> [Goal of the exercise]
Return, exactly and with nothing added, the line with "2025年9月12日,江苏省" together with all lines after it through the end of the data below. No pictures belong in the copy.
------------------------
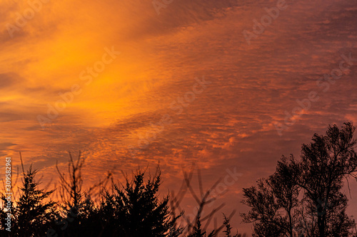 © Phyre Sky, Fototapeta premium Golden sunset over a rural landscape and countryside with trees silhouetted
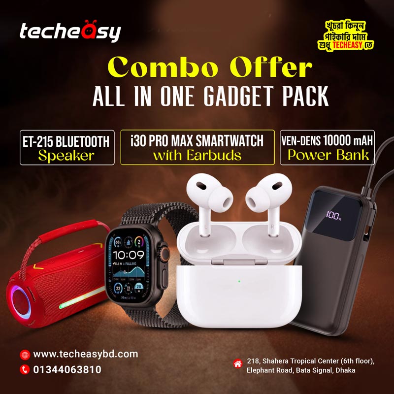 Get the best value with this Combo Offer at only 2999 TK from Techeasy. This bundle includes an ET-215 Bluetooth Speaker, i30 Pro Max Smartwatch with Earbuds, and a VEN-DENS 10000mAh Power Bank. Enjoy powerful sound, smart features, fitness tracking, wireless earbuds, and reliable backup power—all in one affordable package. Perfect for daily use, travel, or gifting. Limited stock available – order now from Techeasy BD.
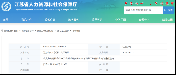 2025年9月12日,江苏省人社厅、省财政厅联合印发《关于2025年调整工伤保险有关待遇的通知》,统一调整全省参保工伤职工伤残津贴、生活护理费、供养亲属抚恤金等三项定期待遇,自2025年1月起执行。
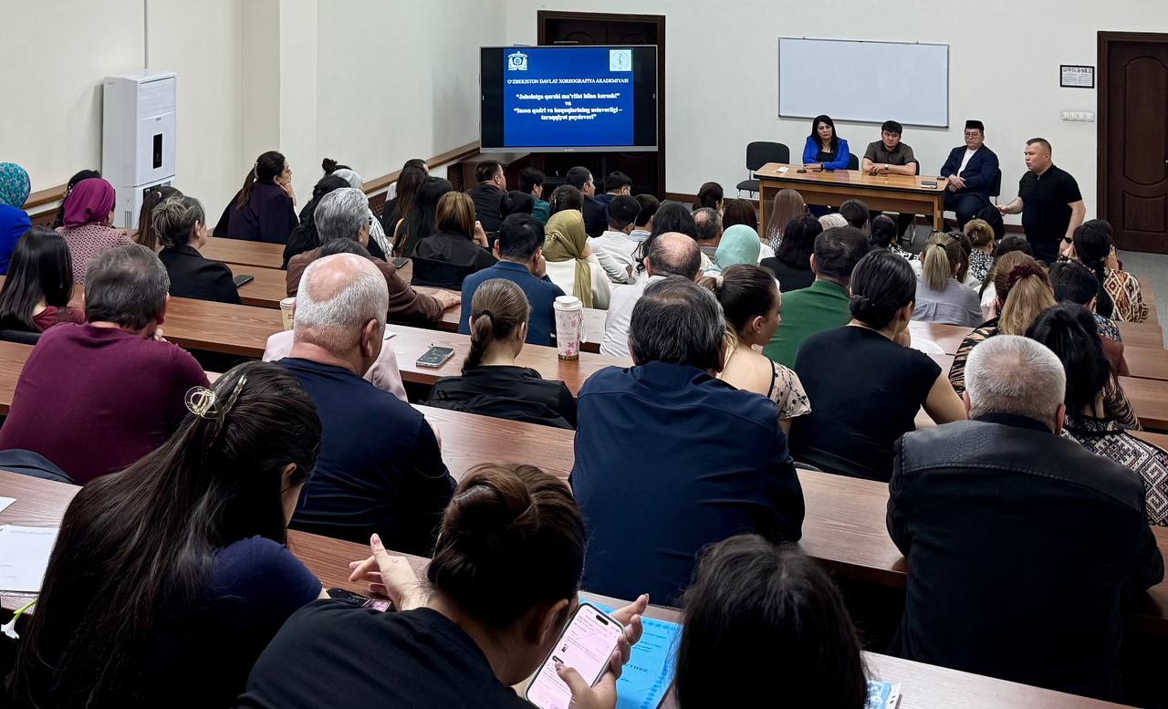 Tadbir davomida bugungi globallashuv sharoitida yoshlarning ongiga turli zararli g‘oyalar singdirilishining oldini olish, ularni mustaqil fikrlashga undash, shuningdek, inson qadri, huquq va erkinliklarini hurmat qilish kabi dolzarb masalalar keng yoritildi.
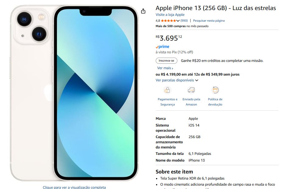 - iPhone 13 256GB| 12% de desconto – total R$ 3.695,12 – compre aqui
------------------------
> [Exercise output]
 2025年9月12日,江苏省人社厅、省财政厅联合印发《关于2025年调整工伤保险有关待遇的通知》,统一调整全省参保工伤职工伤残津贴、生活护理费、供养亲属抚恤金等三项定期待遇,自2025年1月起执行。
 Tadbir davomida bugungi globallashuv sharoitida yoshlarning ongiga turli zararli g‘oyalar singdirilishining oldini olish, ularni mustaqil fikrlashga undash, shuningdek, inson qadri, huquq va erkinliklarini hurmat qilish kabi dolzarb masalalar keng yoritildi.
 - iPhone 13 256GB| 12% de desconto – total R$ 3.695,12 – compre aqui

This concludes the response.